%%

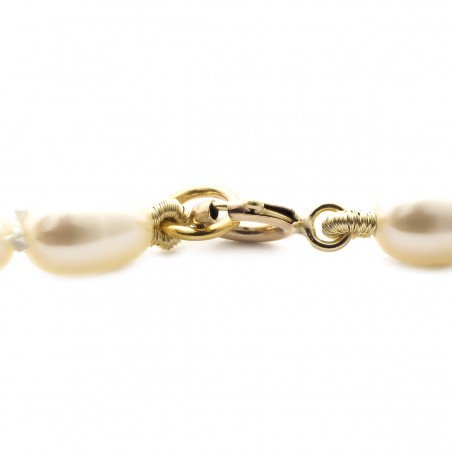 Ce modèle est doté d'un fermoir à ressort en or jaune 375/000, et de perles d'eau douce de 3,5 à 4 mm.
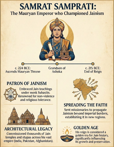 Samrat Samprati (c. 224–215 BCE) was the grandson of Emperor Ashoka and a Mauryan ruler from Ujjain. Known as the "Jain Ashoka," he is credited with spreading Jainism across Western and Southern India.
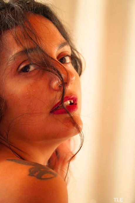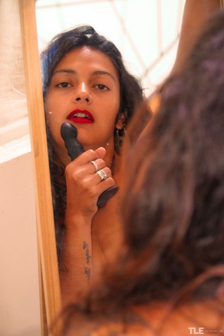 Noelia B is bound in red ropes as she pleasures her pussy with a glass dildo
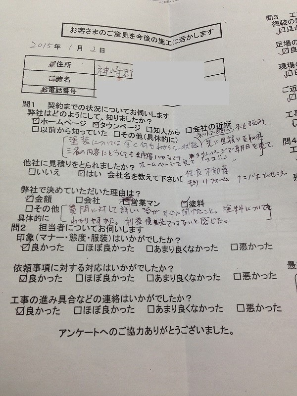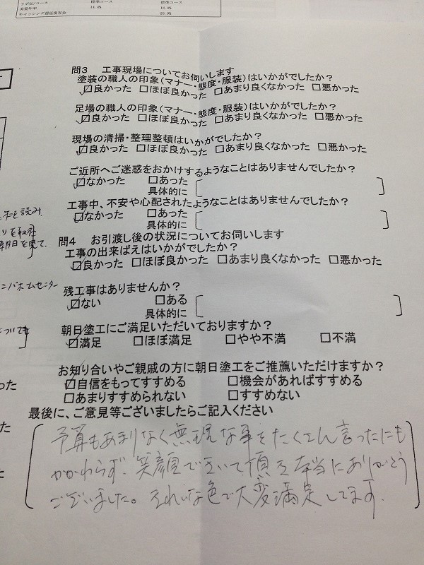 お客様アンケートでありがたいお言葉をいただきました。
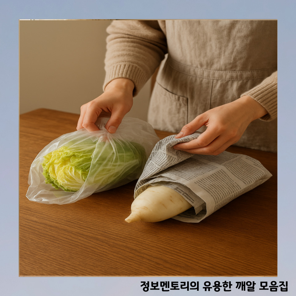 1. 배추보관법 – 신문지로 감싸 수분 지키기
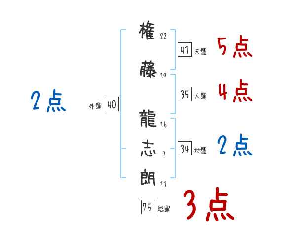 権藤龍志朗さんの画数の鑑定結果
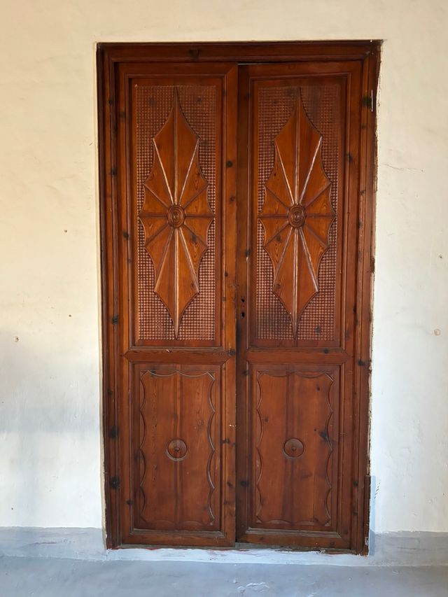• Diseño: De dos hojas, con cuarterones y tallas artesanales (motivo de sol/estrella y fondo picado) en ambos paneles. Un diseño muy vistoso y con carácter.
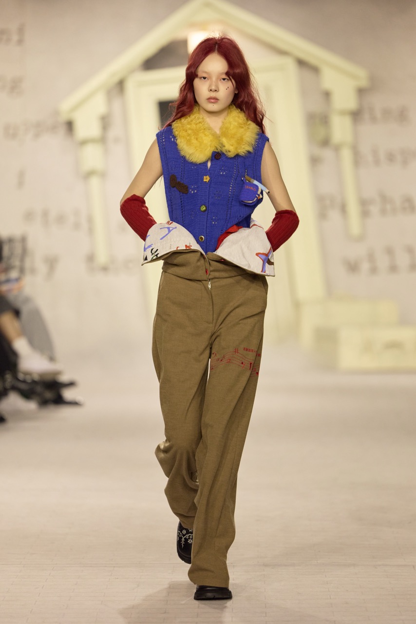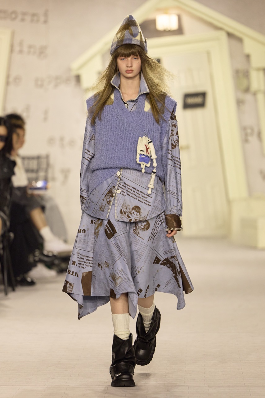 YANAG以“当我长大后”为题,将一个日常提问转化为整季叙事的起点。秀场被构建为一本被时间翻开的旧书。泛黄的故事页铺满墙面,散落的童话房子装置让空间介于现实与想象之间,模特穿行其中,形成一种安静却带有冒险感的氛围。
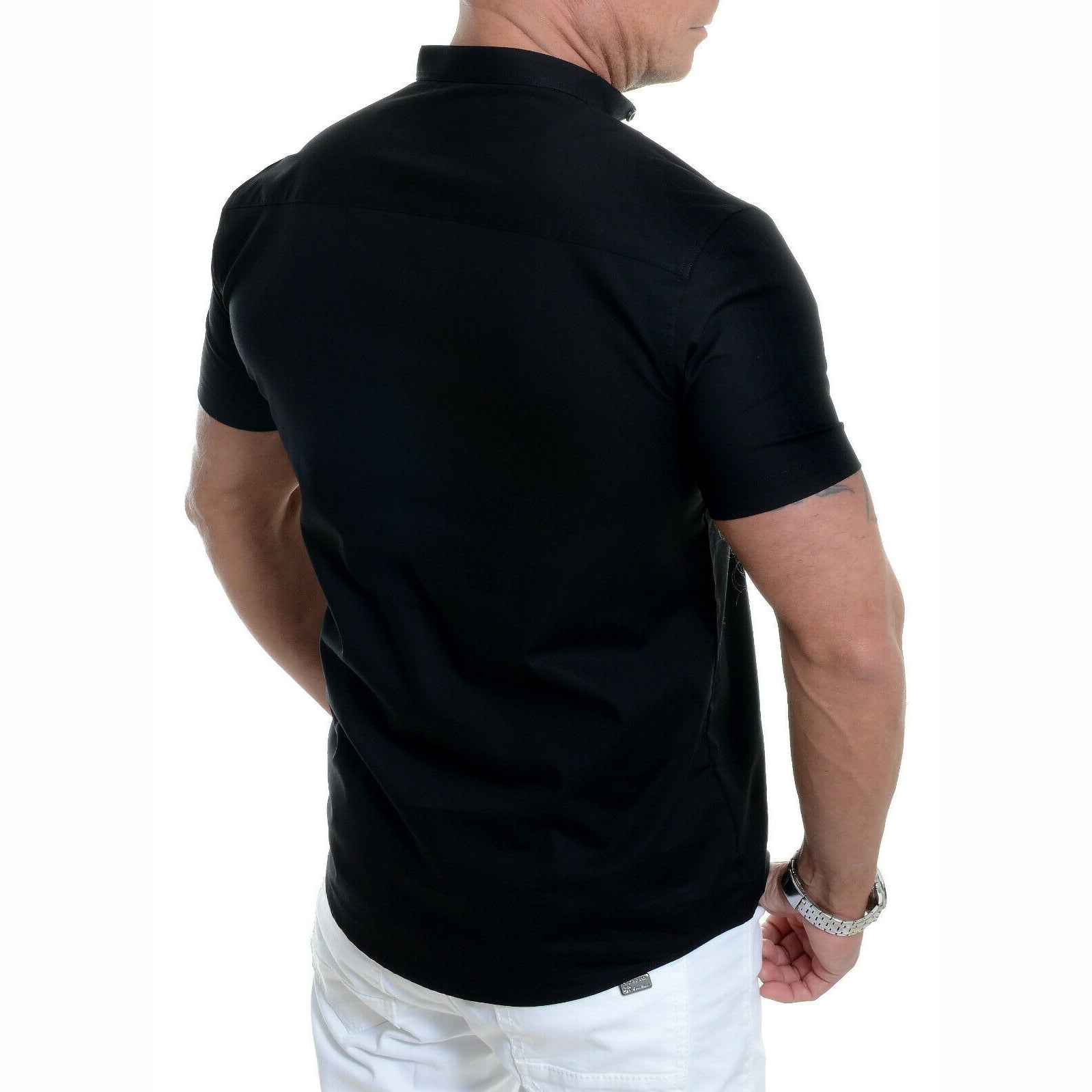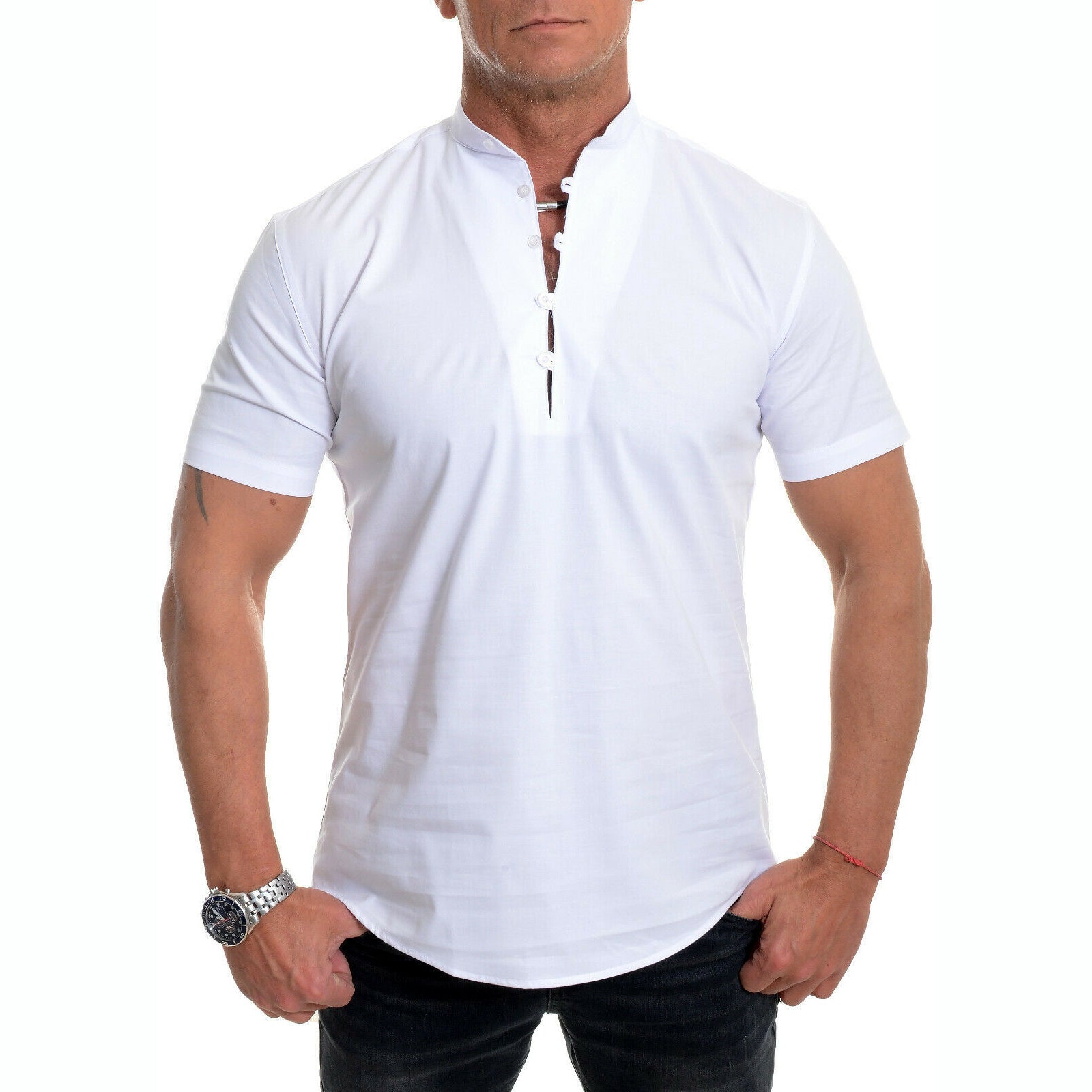 Men's Stand Collar Plain Button Summer Loose Shirt
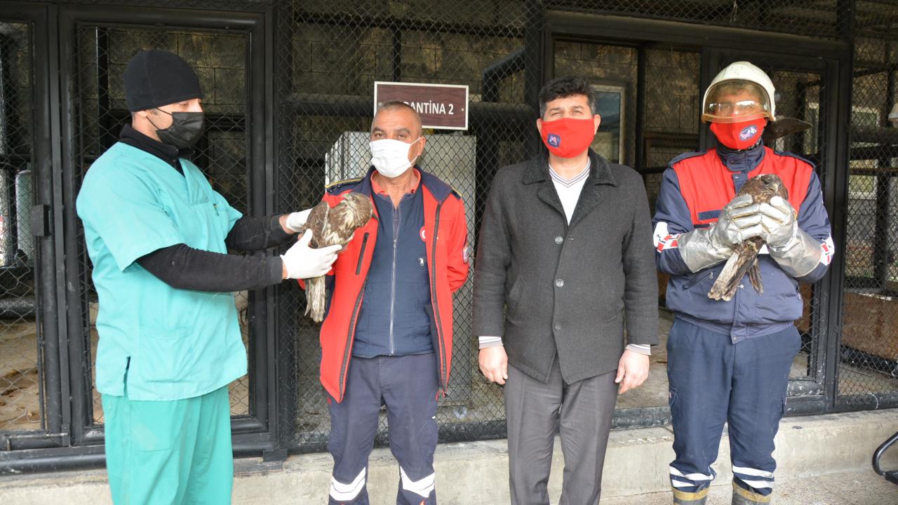Olay yerine gelen itfaiye ekipleri, merdiven yardımıyla girdikleri kanaldan şahinleri kurtardı.
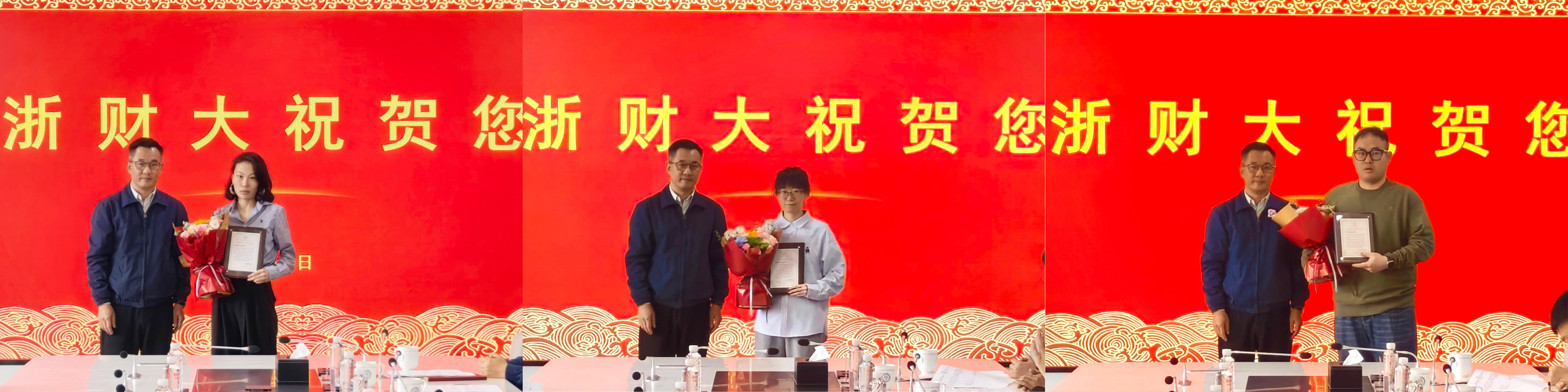 程爽为新入选省级人才颁发“浙财大祝贺您”荣誉牌并送上鲜花
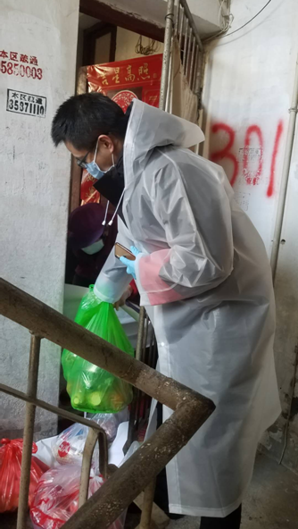 2月16日,行事一处驻守六角亭街六角社区教工宿舍小区的党员干部吴震雄、彭蓉晖、夏坤同志帮助小区群众在购物网站上采买蔬菜和生活必需品,并送到封闭的教工宿舍小区居民家中,受到居民群众的一致称赞。
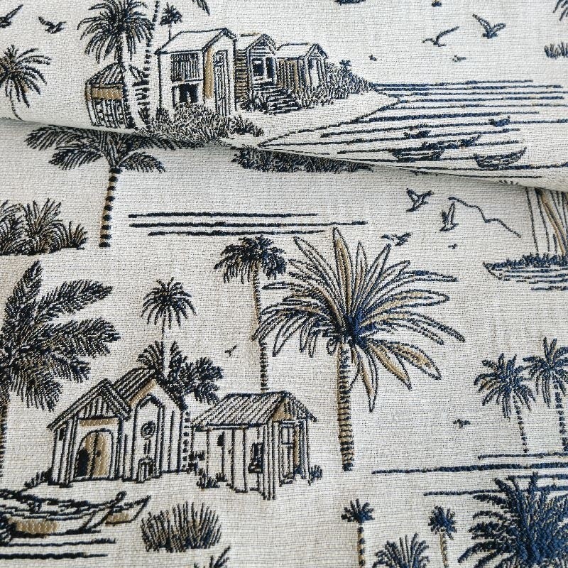 Ce tissu jacquard se distingue par son tissage texturé de qualité, qui met en relief chaque détail du décor maritime. Le bleu rappelle les horizons marins et s’associent facilement à une décoration naturelle, bord de mer ou contemporaine.
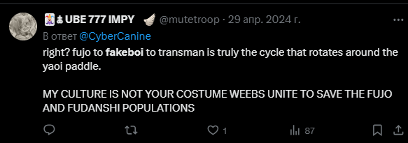 >>6144692 Короче я ничего не нашла четкого, возможно у них этого сленга, а возможно это кринж в 2025, типо обзывательство для ftm, но вот что я нашла: she’s not really gay, she’s just LARPing as a sad gay boy for attention young weird fujoshi girls rp as gay men online

%%

# Your assignment
If a record contains a picture, leave the picture out; repeat the record itself exactly.

# Answer section
 Ce modèle est doté d'un fermoir à ressort en or jaune 375/000, et de perles d'eau douce de 3,5 à 4 mm.
 Samrat Samprati (c. 224–215 BCE) was the grandson of Emperor Ashoka and a Mauryan ruler from Ujjain. Known as the "Jain Ashoka," he is credited with spreading Jainism across Western and Southern India.
 Noelia B is bound in red ropes as she pleasures her pussy with a glass dildo
 お客様アンケートでありがたいお言葉をいただきました。
 1. 배추보관법 – 신문지로 감싸 수분 지키기
 権藤龍志朗さんの画数の鑑定結果
• Diseño: De dos hojas, con cuarterones y tallas artesanales (motivo de sol/estrella y fondo picado) en ambos paneles. Un diseño muy vistoso y con carácter.
 YANAG以“当我长大后”为题,将一个日常提问转化为整季叙事的起点。秀场被构建为一本被时间翻开的旧书。泛黄的故事页铺满墙面,散落的童话房子装置让空间介于现实与想象之间,模特穿行其中,形成一种安静却带有冒险感的氛围。
 Men's Stand Collar Plain Button Summer Loose Shirt
Olay yerine gelen itfaiye ekipleri, merdiven yardımıyla girdikleri kanaldan şahinleri kurtardı.
 程爽为新入选省级人才颁发“浙财大祝贺您”荣誉牌并送上鲜花
 2月16日,行事一处驻守六角亭街六角社区教工宿舍小区的党员干部吴震雄、彭蓉晖、夏坤同志帮助小区群众在购物网站上采买蔬菜和生活必需品,并送到封闭的教工宿舍小区居民家中,受到居民群众的一致称赞。
 Ce tissu jacquard se distingue par son tissage texturé de qualité, qui met en relief chaque détail du décor maritime. Le bleu rappelle les horizons marins et s’associent facilement à une décoration naturelle, bord de mer ou contemporaine.
 >>6144692 Короче я ничего не нашла четкого, возможно у них этого сленга, а возможно это кринж в 2025, типо обзывательство для ftm, но вот что я нашла: she’s not really gay, she’s just LARPing as a sad gay boy for attention young weird fujoshi girls rp as gay men online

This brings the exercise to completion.